Opportunity and challenge: Regulatory requirements for AI-based medical devices

August 09 2024

Imagine a world where diagnosis and treatment are more precise and tailored than ever before, where life-saving decisions are made in fractions of a second and complex medical data is transformed into meaningful insights. This vision is becoming a reality through the integration of artificial intelligence (AI) into medical technology. AI has the potential to revolutionize healthcare and improve the lives of millions of people - but only if it is used safely and reliably.

The safety of AI-based medical devices is paramount. From the early detection of diseases and personalized medicine to the automation of administrative tasks - the potential applications of AI are almost limitless. However, these possibilities also come with great responsibilities. AI must meet strict regulatory requirements to ensure that it is both effective and safe for patients and users.

When do we even talk about artificial intelligence?
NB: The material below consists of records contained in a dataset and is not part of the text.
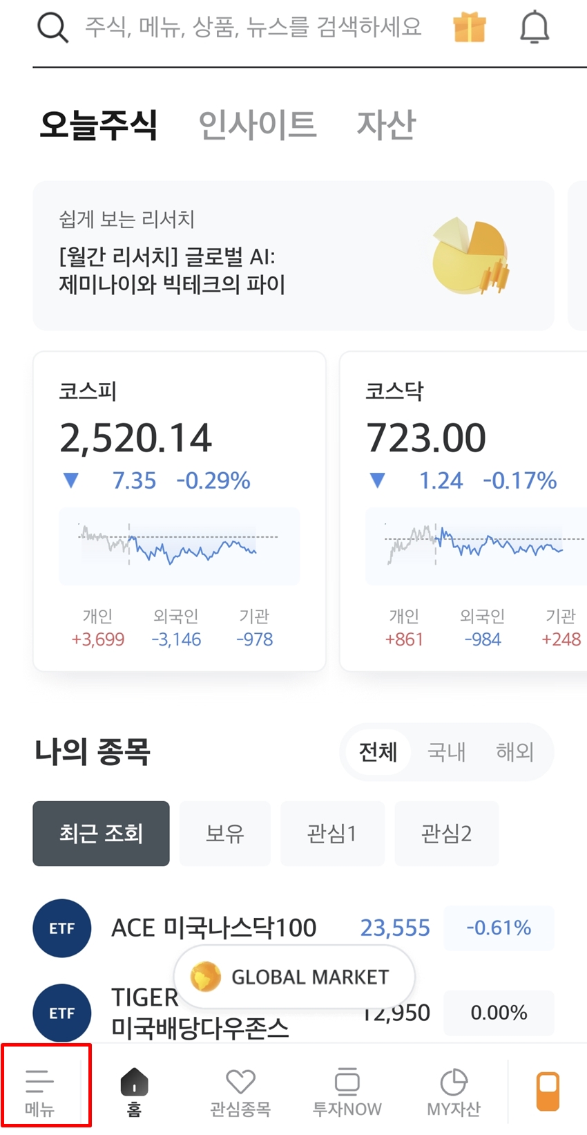 미래에셋증권 배당금 확인을 위해 미래에셋 주식 어플을 들어갑니다.
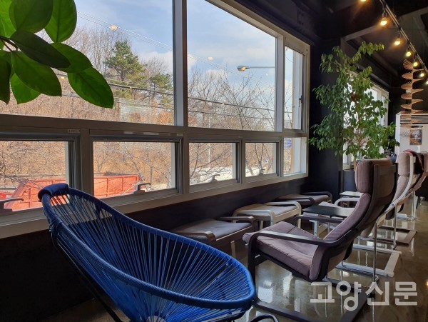 2층 휴게공간은 차량정비와 세차를 맡겨두고 휴양지 느낌의 안락한 의자에 앉아서 창밖의 사계절 변화되는 산자락의 풍경을 감상하며 힐링하는 공간이다.
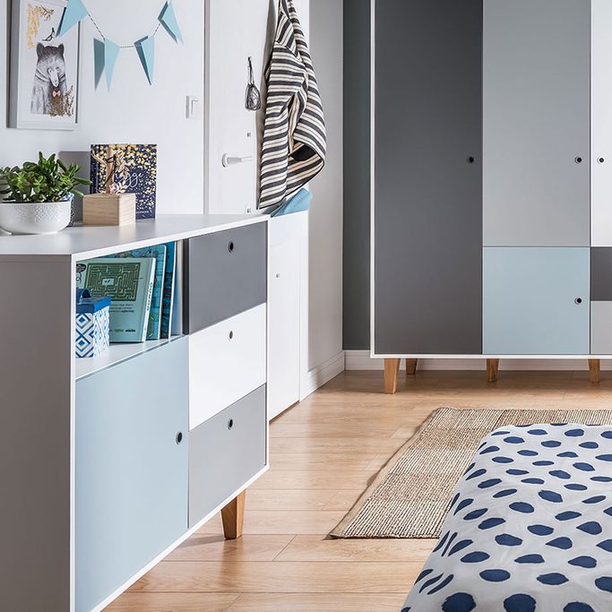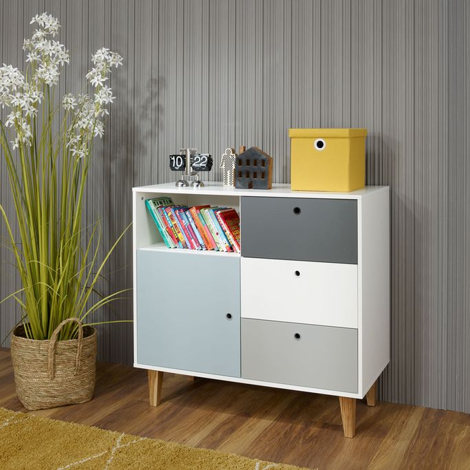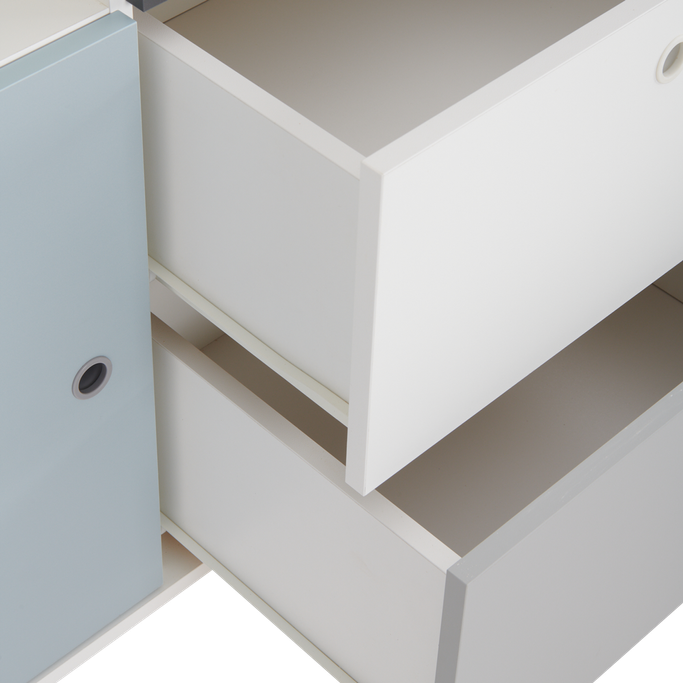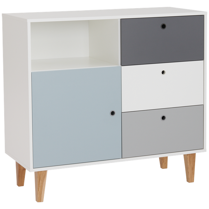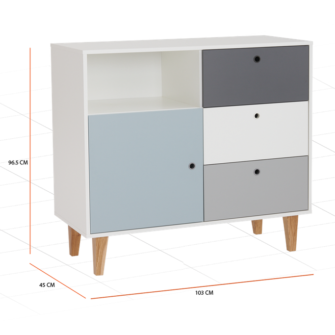 معرض فني. اكتشف اهتماماتك الجديدة وتفرد بأفكارك مع كونسبت خزانة ثلاثة أدراج. سيولد معرضك الفني الجديد في غرفتك من خلال تنسيق سطحها الفسيح. عبّر عن آمالك وأحلامك من خلال رفوفها واعرض روائعك وإبداعاتك. يوفر المقبض المجوف وصولاً سلسًا لمحتوى الأدراج. ستضفي أرجلها مساحة واسعة وستعكس جمال التفاصيل في الغرفة. صنع من الميلامين باللون الأبيض والرمادي والأزرق الفاتح لإبراز المظهر الآسر في الغرفة. ألهم روحك وارسم طموحاتك مع هذه القطعة الأنيقة.
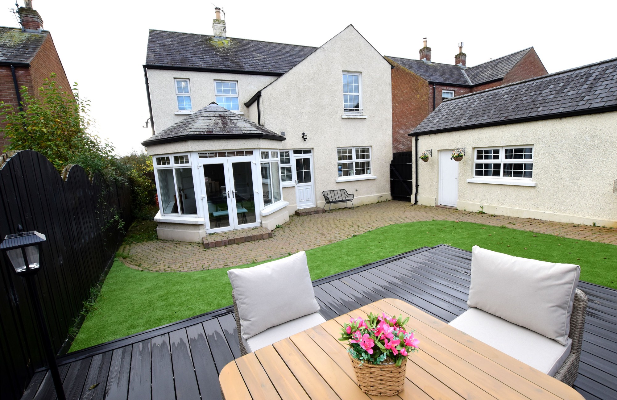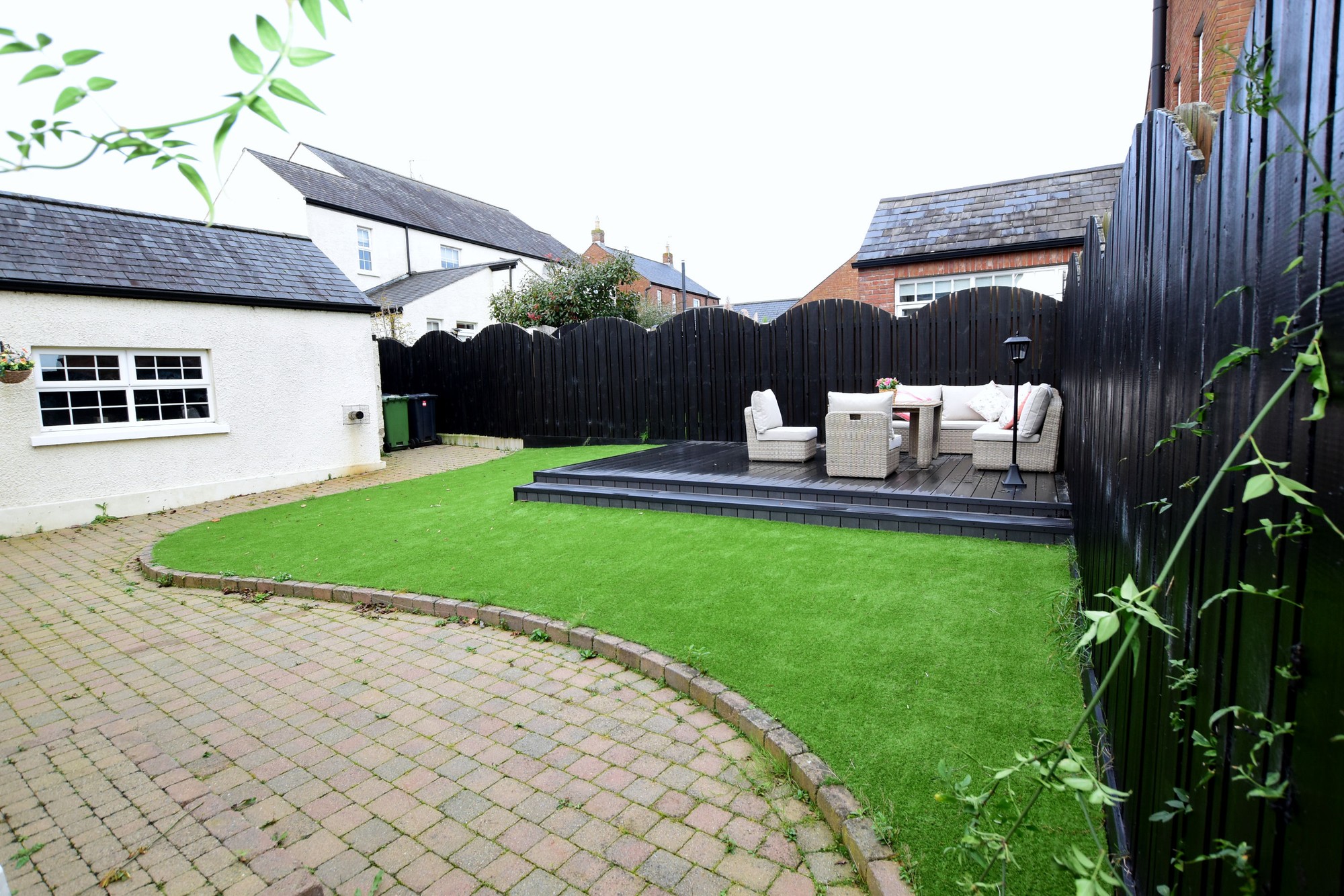 Garden to front in lawn with lovely rural aspect overlooking the countryside. Enclosed easily maintained rear garden in artificial grass and with a large paved patio and a feature composite sundeck.

Is every algorithm AI then?

The EU AI Act defines an AI system in Article 3 (1) as follows:

(1) 'AI system' means a machine-based system that is designed to operate with varying levels of autonomy and that may exhibit adaptiveness after deployment, and that, for explicit or implicit objectives, infers, from the input it receives, how to generate outputs such as predictions, content, recommendations, or decisions that can influence physical or virtual environments;

If we break down this definition with the question in mind as to whether every algorithm fulfills the definition of artificial intelligence, we can extract the following elements:

  • It is a computer system that has been developed so that it can work independently
  • After its introduction to the market, it can adapt (but does not have to, note: "may")
  • It can derive how it generates results from the information it receives
  • These results can be predictions, content, recommendations or decisions, which then influence both the physical world (e.g. by controlling a device) and digital environments (e.g. through adjustments in software).

In short, an AI system is a computer-controlled system that works independently and makes decisions or creates content based on information that can influence our environment. A core element is that it derives new content from the content provided and does not follow simple if-else sequences. This clearly distinguishes it from an algorithm that analyzes the heart rhythm in a defibrillator, for example, and delivers an electric shock based on this. This algorithm is not able to derive decisions independently but was developed based on special parameters against which it compares the heart rhythm.

Overview of regulatory requirements in Europe and the USA

In Europe, the EU AI Act is currently on everyone's lips, even outside the world of medical technology. The EU AI Act is a comprehensive regulation on AI by an important regulatory authority. The Act assigns applications of artificial intelligence to three risk categories:

  • Applications and systems that present an unacceptable level of risk, such as state-run social scoring, will be banned.
  • High-risk applications, such as a CV scanning tool that ranks applicants, are subject to special legal requirements.
  • Applications that are not expressly prohibited or classified as high-risk remain largely unregulated.

What does the EU AI Act mean for medical devices? Article 6 of the EU AI Act on the classification rules for high-risk AI systems provides the answer here. It states that an AI system is to be considered a high-risk system if both of the following conditions are met:

  1. The AI system is intended to be used as a safety component of a product or the AI system is itself a product covered by the Union harmonization legislation listed in Annex I;
  2. The product of which the AI system is the safety component referred to in point (a), or the AI system itself as a product, shall be subject to third party conformity assessment in order to be placed on the market or put into service in accordance with the Union harmonization legislation listed in Annex I.

Annex I of the EU AI Act lists, among others, Regulation (EU) 2017/745 of the European Parliament and of the Council of 5 April 2017 on medical devices (MDR) and Regulation (EU) 2017/746 of the European Parliament and of the Council of 5 April 2017 on in vitro diagnostic medical devices (IVDR) as harmonization legislation.

By 02.02.2026 at the latest, the European Commission will provide guidance on the practical implementation of Article 6 together with a comprehensive list of practical examples of high-risk and non-high-risk use cases of AI systems.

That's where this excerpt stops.